アジアンは頭についた耳をいじりながらご機嫌な様子だ。

「今日はハロウィンだからね!ベティに頼んで作ってもらったんだヨ。」
「…ふーん…」

どうでもよさげに(実際どうでもいい)返事をすると、なにを勘違いしたのかアジアンはどこからか服を出しながら戯言を言いはじめる。
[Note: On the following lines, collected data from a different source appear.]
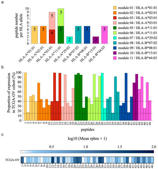 48 TSAs presented by nine common HLA allotypes and highly shared by ovarian tumors. (a) Number of peptides included per HLA allotype and repartition in 11 vaccine modules. Bars indicate the number of peptides in each module. (b) Proportions of samples from the TCGA ovarian cohort expressing the peptide coding sequences (rphm > 0) for each TSA. The dotted lines represent sharing frequencies of 15% and 40%. (c) Heat map representing peptide coding sequences expression (log(rphm + 1)) in the TCGA ovarian cohort (mean from 377 samples).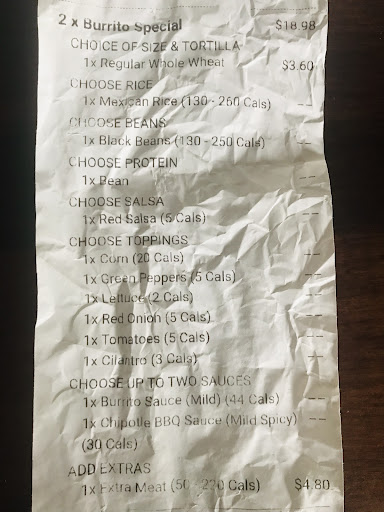 We had ordered Burrito 🌯 and even paid $4.80 for extra meat. Felt like I was eating a rice and bean burrito, there were only 2 thin slices of meat. I gave 2 stars because rest were okay. as far as the meat part is concerned, I understand the cost of everything and hence, we paid extraI for meat but there were only 2 thin pieces. I felt very deceived with paying extra for meat. I won’t order from this location and will never recommend!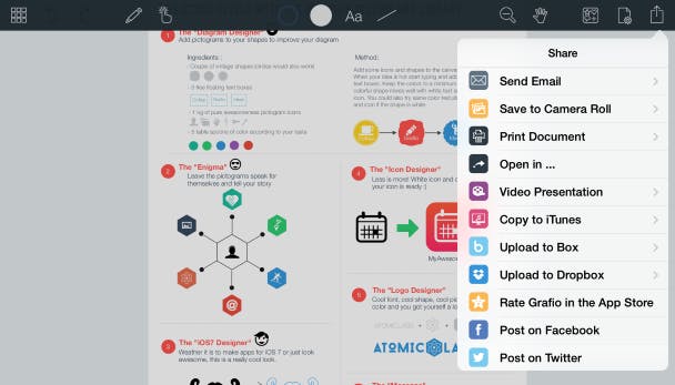 Wanneer je klaar bent met je infographic, wil je die waarschijnlijk delen met anderen. Dat kun je doen door op het pictogram Delen te drukken helemaal rechtsboven. Je krijgt een aanzienlijk aantal opties te zien. Onthoud echter wel, dat wanneer je de gratis versie van de app gebruikt, je infographics altijd voorzien zullen zijn van een logo van Grafio. Wil je die niet, dan moet je de betaalde versie van 8 euro aanschaffen. Je kunt je bestaande infographics dan overigens eenvoudig overzetten.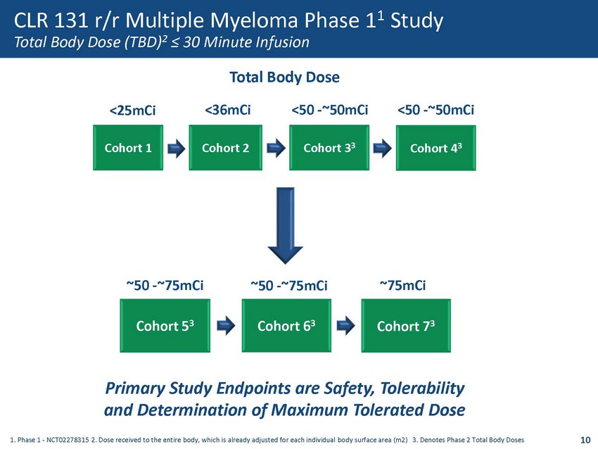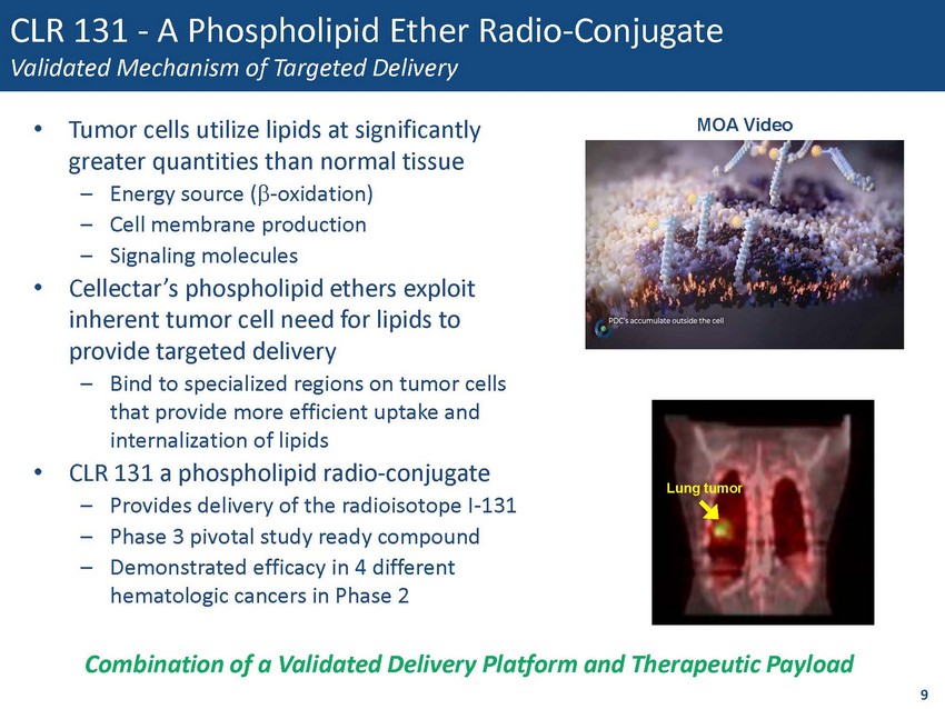 CLR 131 - A Phospholipid Ether Radio - Conjugate Validated Mechanism of Targeted Delivery • Tumor cells utilize lipids at significantly greater quantities than normal tissue – Energy source ( b - oxidation) – Cell membrane production – Signaling molecules • Cellectar’s phospholipid ethers exploit inherent tumor cell need for lipids to provide targeted delivery – Bind to specialized regions on tumor cells that provide more efficient uptake and internalization of lipids • CLR 131 a phospholipid radio - conjugate – Provides delivery of the radioisotope I - 131 – Phase 3 pivotal study ready compound – Demonstrated efficacy in 4 different hematologic cancers in Phase 2 9 Combination of a Validated Delivery Platform and Therapeutic Payload MOA Video Lung tumor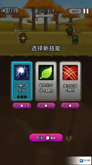 4、每一波解锁会随机获得三个技能,玩家需要消耗小球数量来购买一个技能强化自己。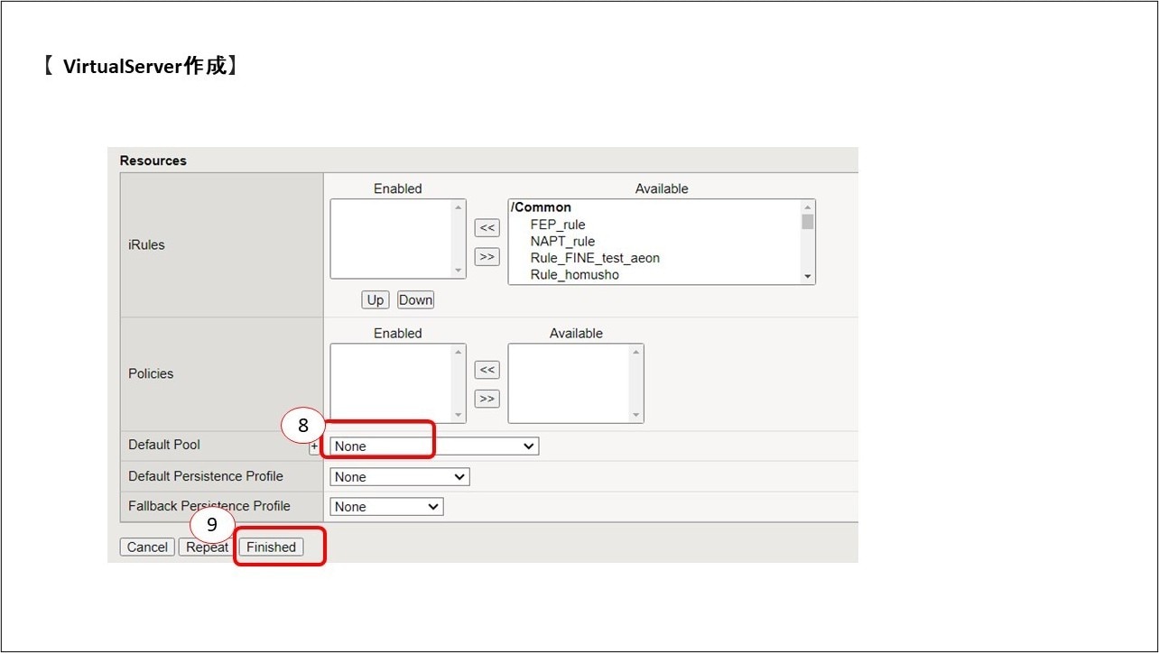 ⑧Default Poolにて負荷分散先のサーバIPアドレスを設定したPoolを選択します。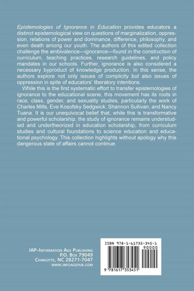 Epistemologies of Ignorance provide educators a distinct epistemological view on questions of marginalization, oppression, relations of power and dominance, difference, philosophy, and even death among our youth. The authors of this edited collection challenge the ambivalence - ignorance - found in the construction of curriculum, teaching practices, research guidelines, and policy mandates in our schools. Further, ignorance is also considered a necessary by-product of knowledge production. In this sense, the authors explore not only issues of complicity but also issues of oppression in spite of educators' liberatory intentions. While this is the first systematic effort to transfer epistemologies of ignorance to the educational scene, this movement has its roots in race, class, gender, and sexuality studies, particularly the work of Charles Mills, Eve Kosofsky Sedgwick, Shannon Sullivan, and Nancy Tuana. It is our unequivocal belief that, while this is transformative and powerful scholarship, the study of ignorance remains understudied and under-theorized in education scholarship, from curriculum studies and cultural foundations to science education and educational psychology. This collection highlights without apology why this dangerous state of affairs cannot continue.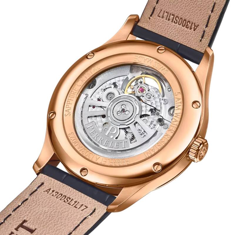 Fidèle à ses principes, toutes les montres de la marque horlogère suisse Perrelet sont équipées de mouvements à remontage automatique issu de leur manufacture ! Celui de la montre Weekend A1303/3 est un calibre automatique suisse de type P-391 qui assure une réserve de marche de 42 heures. Il oscille à 28,800 alternances par heure et renforme 25 rubis.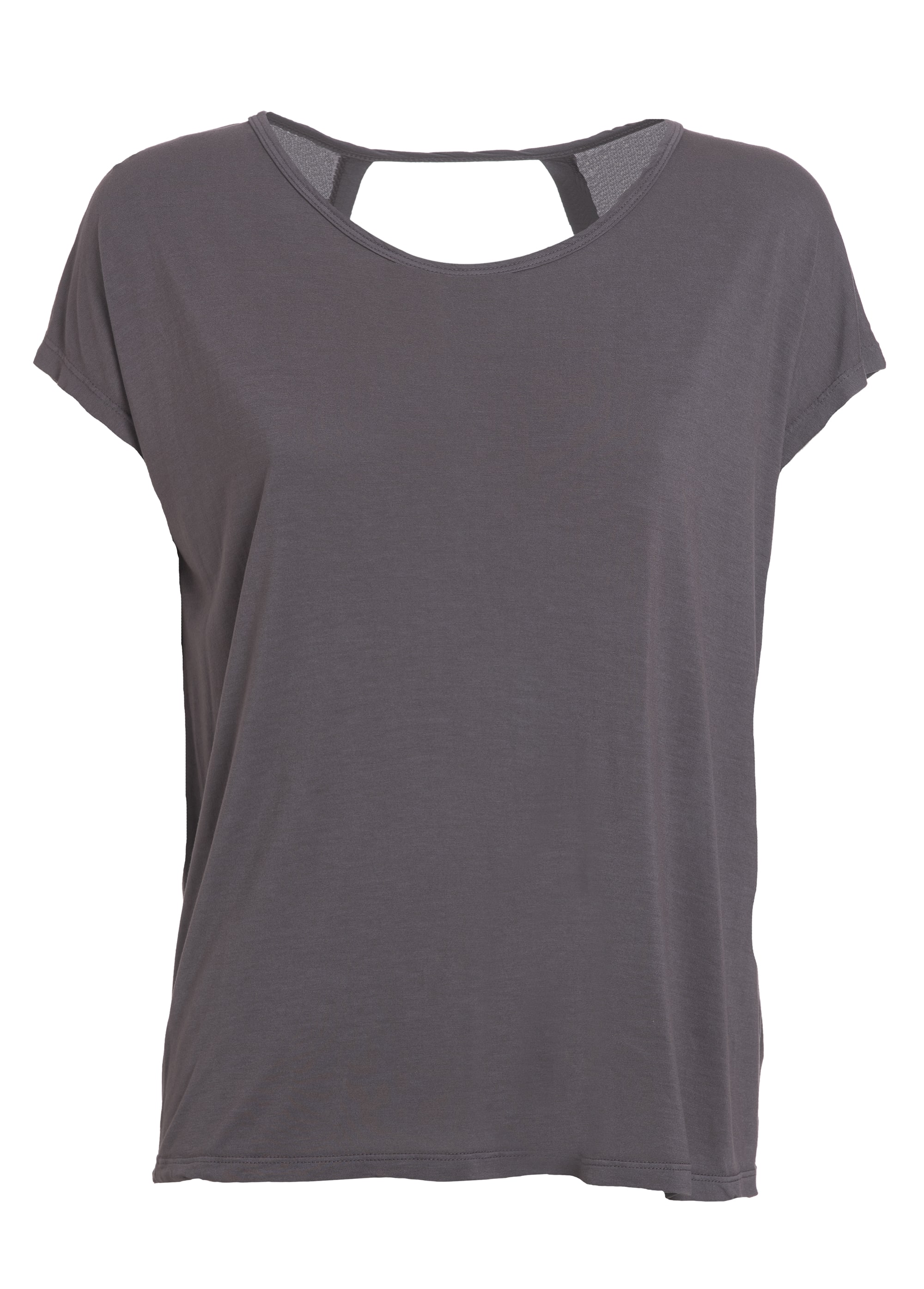 Paita on edestä sileä, malli on hiukan väljä ja takaosassa on kaunis printti sekä halkio.

「あ、もちろんマリアのもあるんだヨ!ベティから借りてきた魔女のいしょブフッ…!」
「自分で着てろこの変態っ!」

もうなんなわけ!?僕にとってハロウィンって厄日!?

「もういいから帰れっ!」
「ダメだよマリアっ!」

鳩尾にストレートを撃ち込みそう叫ぶが今日のアジアンはなかなか帰ろうとしない。

「トリック・オア・トリートって言ったじゃないか。」
「…だから?」

アジアンの言葉に自然と眉間にしわがよる。嫌な予感でいっぱいなんだけどで。

「だからお菓子をくれないんだったら悪戯だヨ。」

そう言いながら、にこーっと笑うアジアン。多分、僕がお菓子を持っていないと確信してきたんだろう。

…でも残念でした。

「…はい。」
「…え…?」

アジアンにキャンディーを一つ渡す。

「え?ってなに?お菓子欲しかったんでしょ?」

アジアンはどうして?って顔をしながら僕を見てくる。

「…たまたまあっただけだよ!ほら、いいからもう帰れば!」
「あ、マリア!」

その視線に居たたまれなくて今度こそ扉を閉める。

「…ふん…別に楽しみになんてしてなかったし…。」

呟く視線の先にはお菓子の山。

「…追い返さずに一緒に食べればよかったかな…」

今年の10巡月31番目は去年と違ってとても静かな日になった。